110 dakikalık süresine rağmen su gibi akıp giden filmin başarısındaki asıl sır, Quaid ile Amber Midthunder arasındaki kimya. İkilinin ekrandaki uyumu, karakterlerin motivasyonlarını ve yaşadıkları karmaşayı izleyiciye çok daha güçlü bir şekilde geçiriyor. Prime Video’da gözden kaçırmamanız gereken bir gizli hazine.
2) Sinners

Ryan Coogler imzalı Sinners, aslında yılın en iyi korku filmlerinden biri ama aynı zamanda aksiyon listemizin de zirvesine oynuyor. Türler arası geçişi o kadar ustaca yapıyor ki; bir an dönem filmi izlerken, bir anda kendinizi gerilimin ve aksiyonun ortasında buluyorsunuz.

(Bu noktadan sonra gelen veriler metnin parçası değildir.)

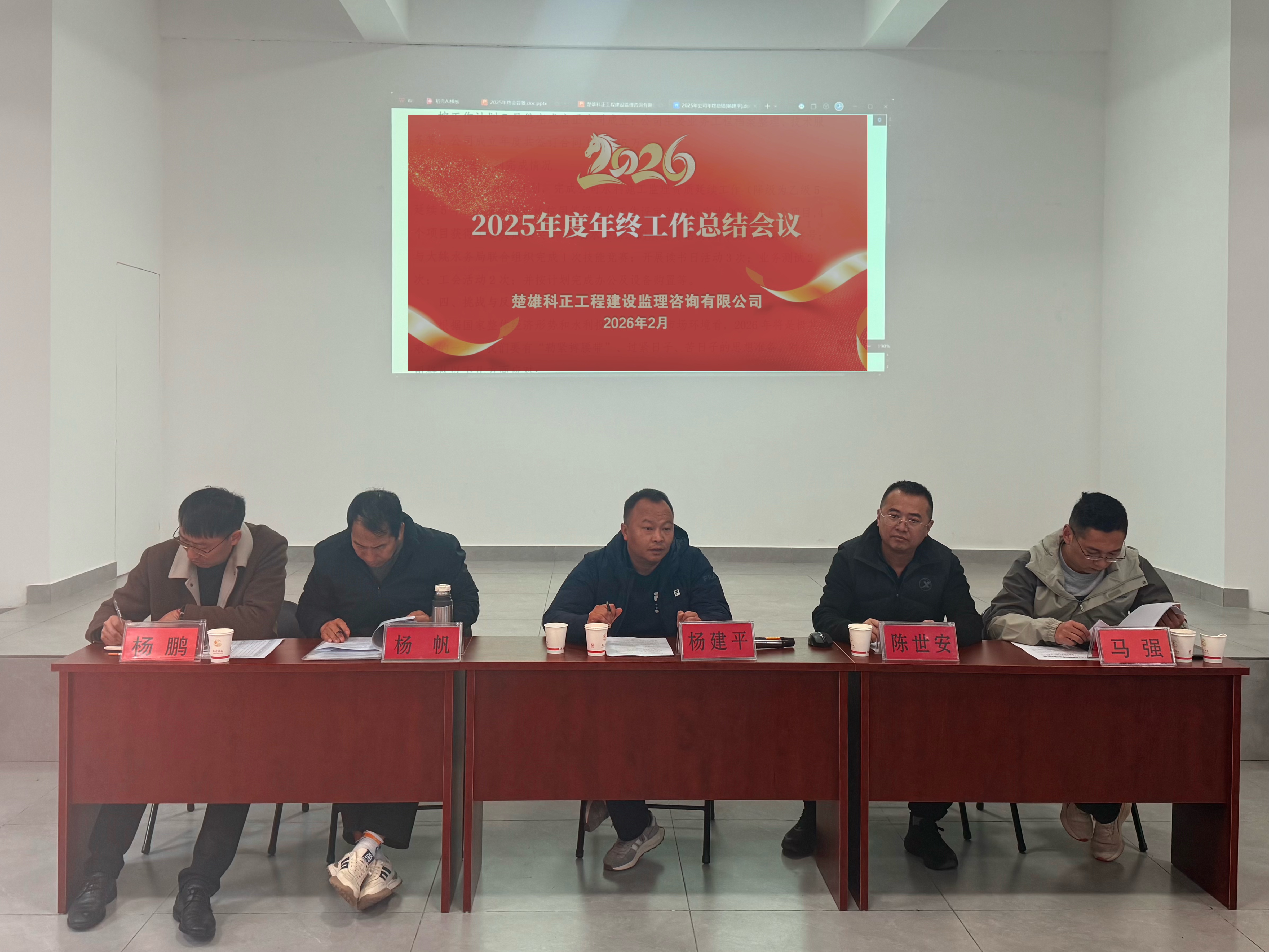 岁序如诗,华章日新。2月8日,楚雄科正工程建设监理咨询有限公司隆重召开2025年度年终工作总结会议。公司领导班子、各部门负责人及全体员工齐聚一堂。公司总经理杨建平出席会议,并作《2025年年终工作总结报告》,副总经理杨帆作《2025年度经营管理工作报告》,会议回顾了2025年的奋斗历程与丰硕成果,擘画2026年发展蓝图,表彰了先进典型。会议由副总经理陈世安主持。

Coogler’ın bu iddialı projesi, dramdan korkuya, aksiyondan müzikal tınılara kadar geniş bir yelpazede gezinmesine rağmen asla odağını kaybetmiyor. Ödül sezonunda adını sıkça duyacağımız bu yapımın, bundan 20 yıl sonra bir klasik olarak anılma ihtimali çok yüksek. HBO Max üzerinden bu deneyimi yaşayabilirsiniz.
1) One Battle After Another

Ve geldik zirveye. One Battle After Another, gişede zorlanmış olabilir; zira 2 saat 42 dakikalık süresi ve ağır temalarıyla “çerezlik” bir film değil. Ancak 175 milyon dolarlık bütçesi ve dev kadrosuyla sinemanın gücünü iliklerimize kadar hissettiren bir başyapıt.
Bu sadece düz bir aksiyon filmi mi? Kesinlikle hayır. Amerika’nın güncel durumuna dair sert bir analiz, bir drama ve evet, aksiyon dolu bir destan. Sean Penn, Albay Steven J. Lockjaw rolüyle son yılların en iyi performansını sergiliyor. Ona eşlik eden Leonardo DiCaprio, Benicio del Toro ve Teyana Taylor gibi isimler ise oyunculuk dersi veriyor. Akademi Ödülleri’nde silip süpürmesini beklediğimiz bu yapım, HBO Max kütüphanesinin en değerli parçası.